1. дома
  2. Вопрос и ответ
  3. Доказательства для кода, основанного на переполнении целых чисел без знака?

Доказательства для кода, основанного на переполнении целых чисел без знака?

2013-08-02 2 views
5

Как я должен подходить к доказательству правильности кода, как показано ниже, что, во избежание некоторой неэффективности, зависит от модульной арифметики?Доказательства для кода, основанного на переполнении целых чисел без знака?

#include <stdint.h> 

uint32_t my_add(uint32_t a, uint32_t b) { 
    uint32_t r = a + b; 
    if (r < a) 
     return UINT32_MAX; 
    return r; 
}

Я экспериментировал с моделью РГ «ИНТ», но, если я правильно понимаю, что модель настраивает семантику логических чисел в ДДУ, а не формальные модели коды C. Например, плагины WP и RTE по-прежнему требуют и вводят PO-запросы подтверждения переполнения для беззнакового добавления выше при использовании модели «int».

В таких случаях можно добавить аннотации, содержащие логическую модель для оператора или базового блока, поэтому я мог бы рассказать Frama-C, как конкретный компилятор действительно интерпретирует инструкцию?
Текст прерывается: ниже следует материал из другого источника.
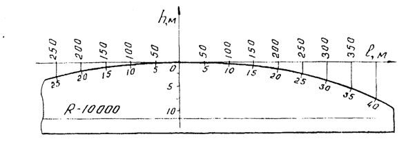 Минимальный радиус выпуклых кривых определяю! из условия видимости поверхности дороги:

Если это так, я мог бы использовать другие методы проверки для таких вещей, как поведение, связанное с определенным, но часто вызывающим дефекты, такое как неподписанное обертывание, поведение, определяемое компилятором, нестандартное поведение (встроенный assy?) И т. Д., А затем доказать правильность окружающий код. Я представляю нечто похожее (но более мощное, чем) «assert fix», используемое для информирования некоторых статических анализаторов о том, что некоторые свойства сохраняются, когда они не могут получить свойства для себя.

Я работаю с Frama-C Fluorine-20130601, для справки, с alt-ergo 95.1.

источник

2013-08-02 Barrie Slaymaker

+0

One проблема с вашим кодом: пусть 'a' будет' UINT32_MIN' и пусть 'b' будет' -1'. Как это обрабатывается? (У меня нет фона с вашими инструментами/конкретным компилятором) – BLaZuRE

+0

@BLaZuRE: b не имеет знака и поэтому не может быть -1. –

ответ

1

Я работаю с Frama-C Фтор-20130601

Рад видеть, что вы нашли способ использовать последнюю версию.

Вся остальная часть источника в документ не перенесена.